Le risque d’une perte de plusieurs points de croissance devait amener à une division des Vingt-Sept, leurs intérêts commerciaux vis-à-vis du Royaume-Uni étant loin d’être identiques, et donc à une possibilité «d’obtenir le beurre et l’argent du beurre», selon l’expression d’un diplomate. Le calcul n’était pas forcément totalement infondé - par exemple, sur la pêche, seuls huit Etats veulent défendre à tout prix leur droit d’accès aux eaux britanniques -, mais l’unité des Vingt-Sept ne s’est jamais démentie. En réalité, Londres a commis la même erreur qu’avec l’accord de retrait conclu fin 2019 : là aussi, l’Union est restée unie et la réécriture in extremis d’une partie de l’accord sur la frontière entre les deux Irlandes n’a rien changé.
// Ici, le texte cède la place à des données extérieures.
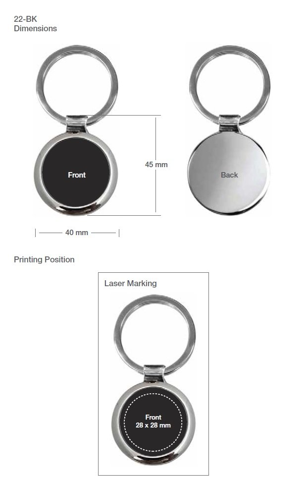 The keychain measures 45 × 40 mm and weighs 0.031 kg, making it compact, lightweight, and comfortable to carry. The round black plate provides a clean and elegant surface that enhances the visibility of engraved logos or text.
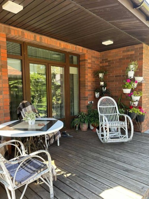 Свіжий ремонт, якісні меблі, техніка та сантехніка, 3 спальні, 2 санвузла, кухня-вітальня 41 м2, 2 холодні кладові, тераса з модрини, система рекуперації повітря та очистки води, кондиціонер, відеоспостереження, сигналізація, тротуарна плитка граніт, автополив по усій ділянці.
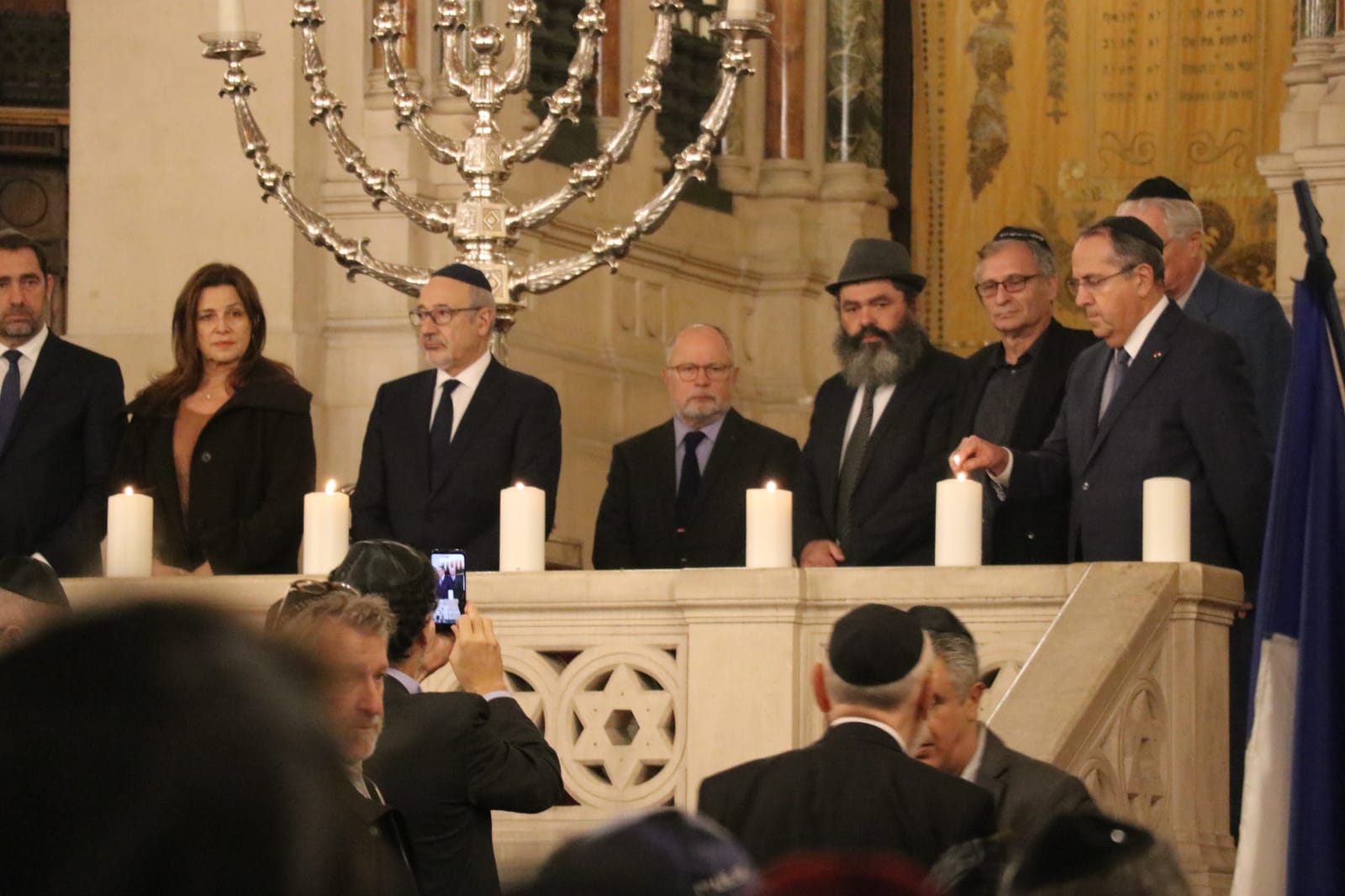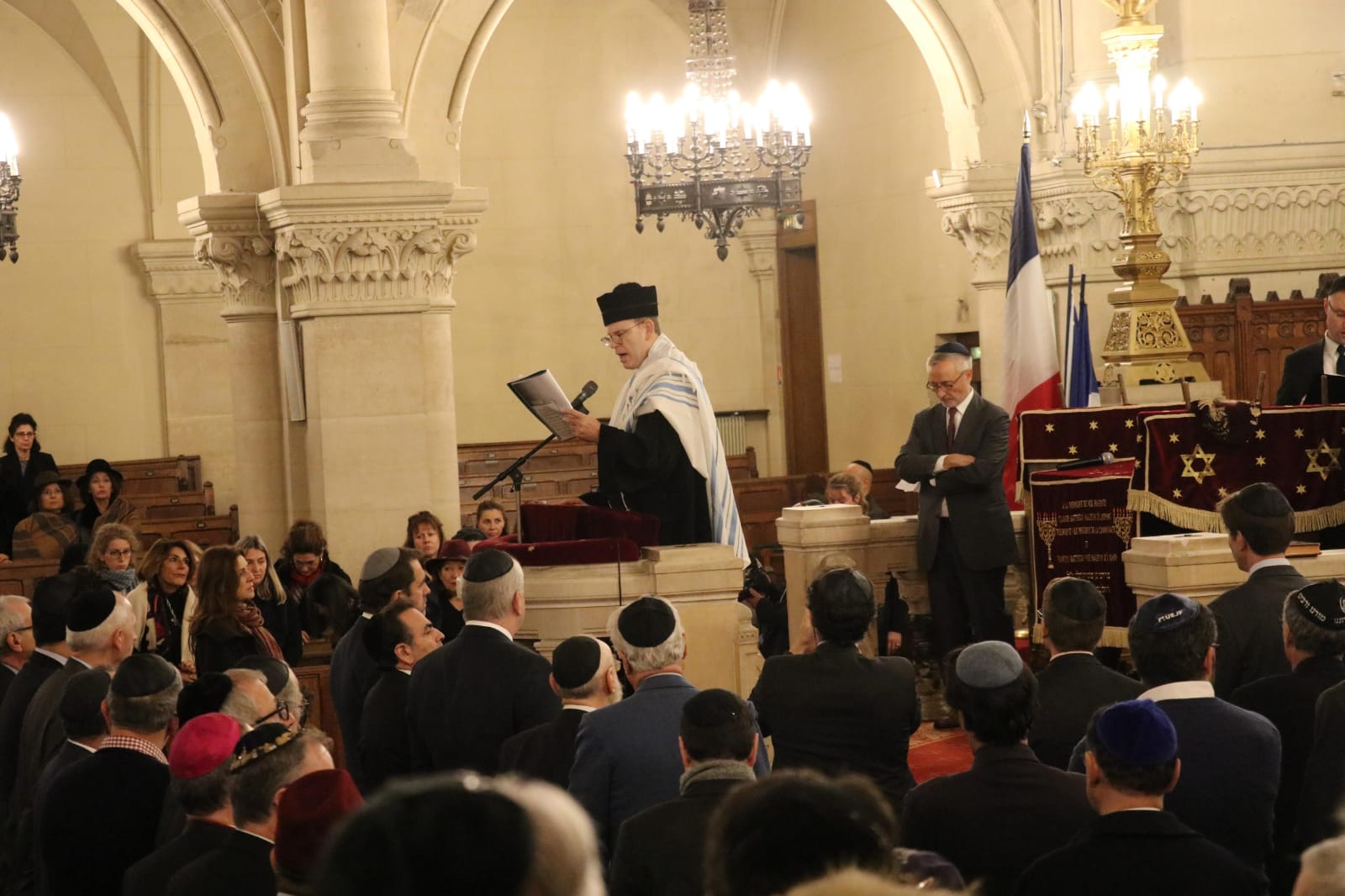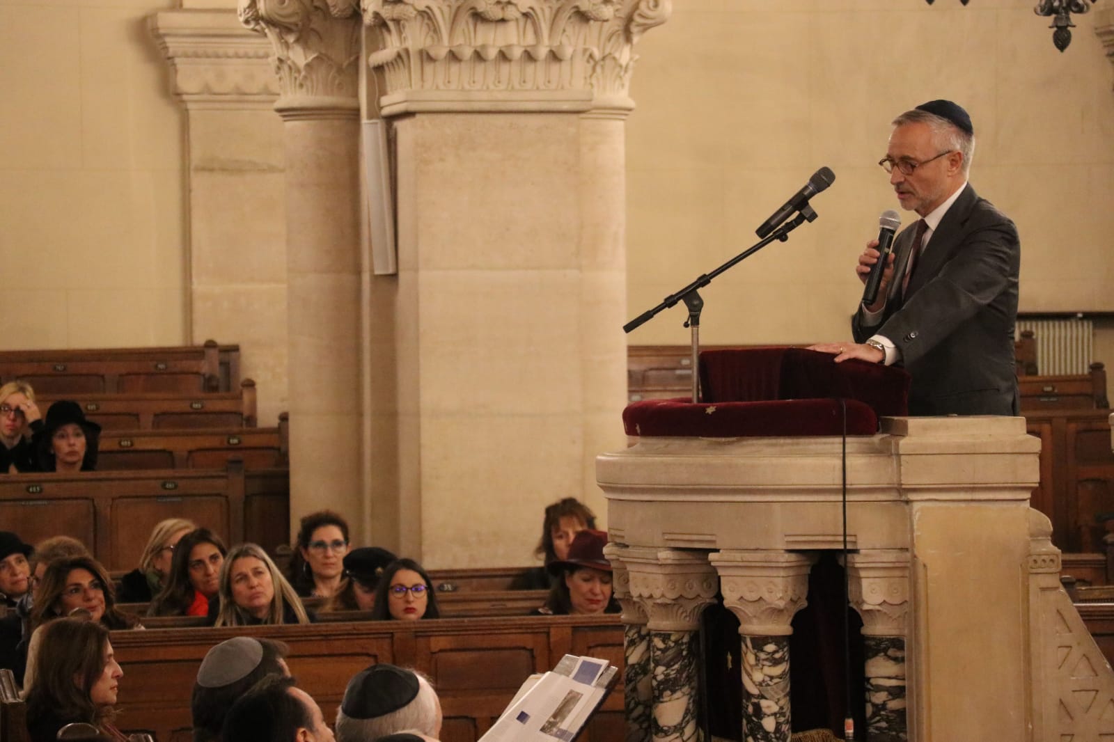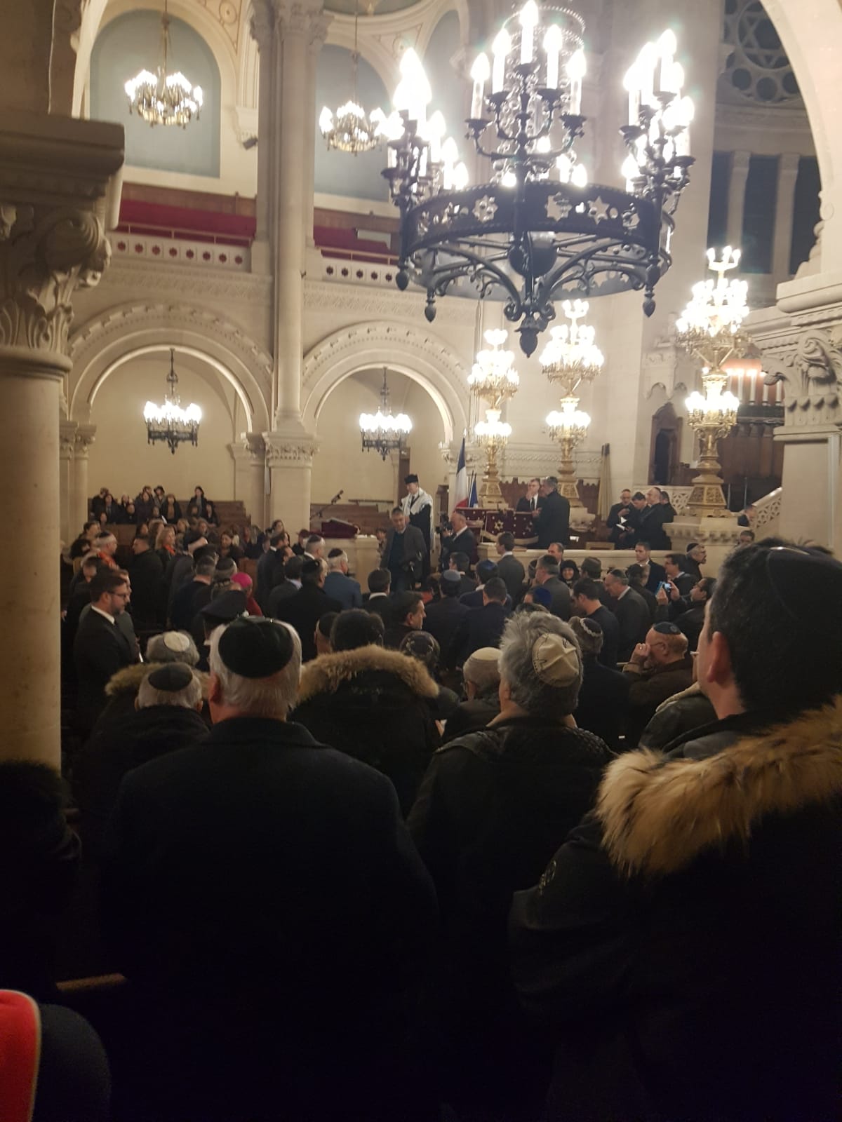 The crowd was addressed by Chief Rabbi of Paris Michel Gugenheim, Chief Rabbi of France Haim Korsia, synagogue President Jacques Canet, and Joel Mergui, who serves as president of the Consistoire organization that provides religious services to French Jews.
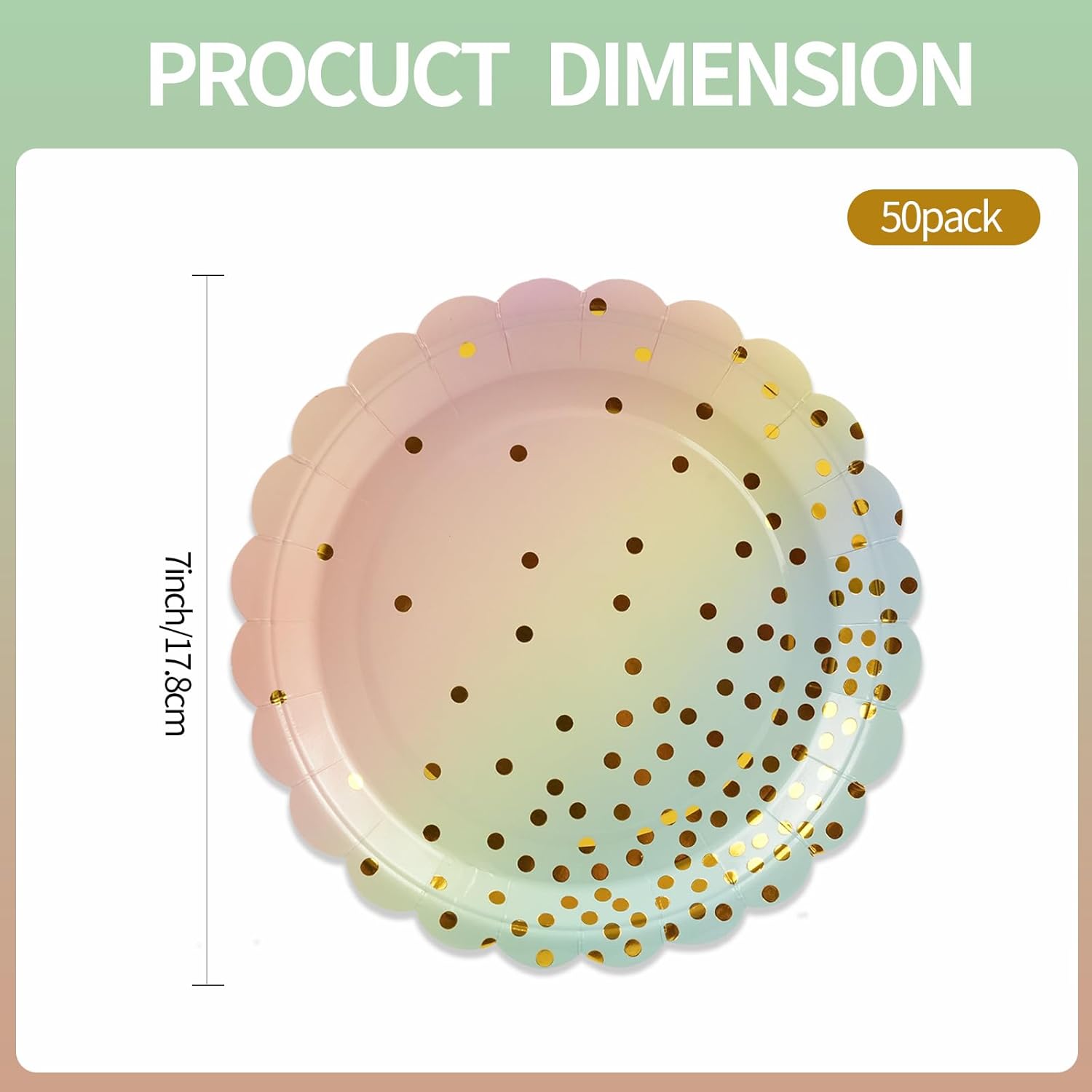 - 【PASTEL RAINBOW PARTY DECORATIONS】: Rainbow pastel party plates set comes with 50pcs rainbow paper plates, serve up to 50 guests, specifically for dessert plates size: 18cm/7inch, gold foil paper plates are exquisite and generous, the perfect party addition you've been looking for a guaranteed hit!
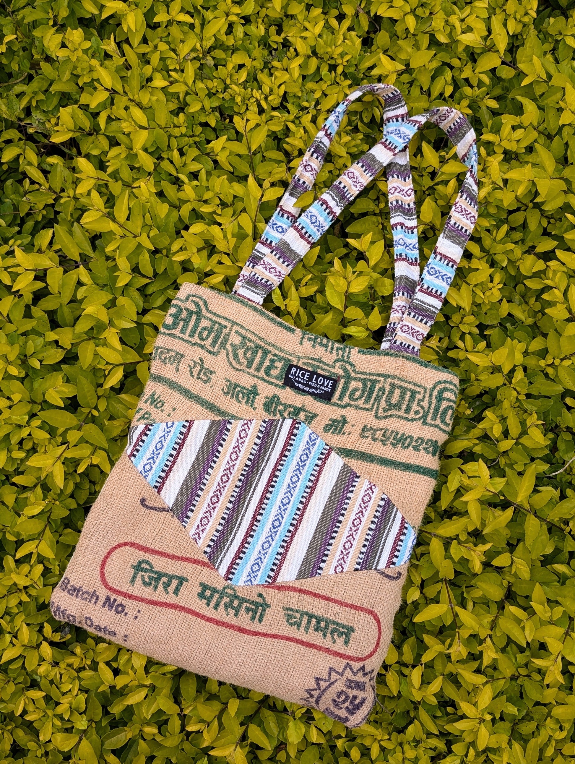 The totes shown are examples. Because each one is made from recycled rice bags, your tote will be completely unique. The exact colors and design will be a surprise - but we promise you’ll love it.
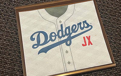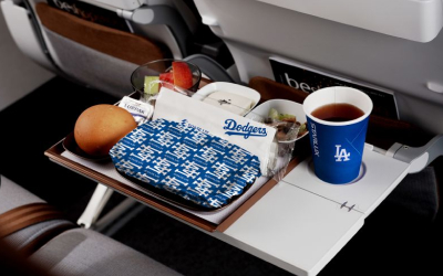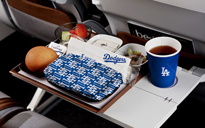 洛杉磯回台北的班機是星宇航空的道奇主題航班,不但登機時會在機艙螢幕畫面看到道奇球場,許多被餐飲相關備品也都有球隊的標誌,喜歡收藏的人千萬不要錯過。噢!對了,記得找空服員索取撲克牌喔!
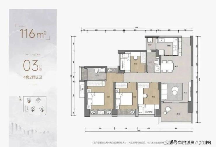 4房则是116平

Surtout, les cartes ont été rebattues par le coronavirus qui a mobilisé toute l’énergie des Etats membres, car l’intégrité même de l’Union était menacée. Il fallait à la fois rouvrir les frontières pour préserver le marché unique et mobiliser des moyens financiers pour sauver les économies frappées par une récession sans précédent depuis trois siècles en période de paix. En outre, l’accord de juillet sur la création d’un fonds de relance, avec une mutualisation des dettes qui est une première historique, a fait prendre conscience à ceux qui en doutaient des bénéfices du Brexit puisque Londres ne l’aurait jamais accepté. Désormais, les Vingt-Sept sont concentrés sur sa mise en œuvre et sur la négociation du budget 2021-2027, car il en va de leur survie.

«Conséquences»

Dans le marasme économique mondial, la perspective d’un «no deal» avec le Royaume-Uni, que personne ne souhaite, n’empêche plus vraiment quiconque de dormir. D’autant que ce n’est pas l’Union qui a le plus à perdre puisque près de la moitié des exportations britanniques sont à destination de l’UE… La chancelière allemande, Angela Merkel, dont le pays exerce la présidence tournante de l’Union, l’a dit sans ambages le 27 juin : le Royaume-Uni devra «assumer les conséquences» d’un Brexit dur. «En fait, on ne comprend pas ce qu’ils veulent», explique un diplomate européen. Angela Merkel a demandé à plusieurs reprises à Londres de préciser ses demandes : «Nous devons nous défaire de l’idée que c’est nous qui définissons ce que le Royaume-Uni devrait vouloir. Le Royaume-Uni définit et nous, en tant qu’Union européenne à vingt-sept, apportons la réponse appropriée», déclarait-elle fin juin. «Ils clament vouloir être souverain et décider de leurs normes, analyse un diplomate français, mais dans tout accord commercial, on s’engage à respecter les normes du marché dans lequel on veut exporter. Dès qu’on exporte, on n’est plus souverain.» Un discours pour l’instant inaudible à Londres.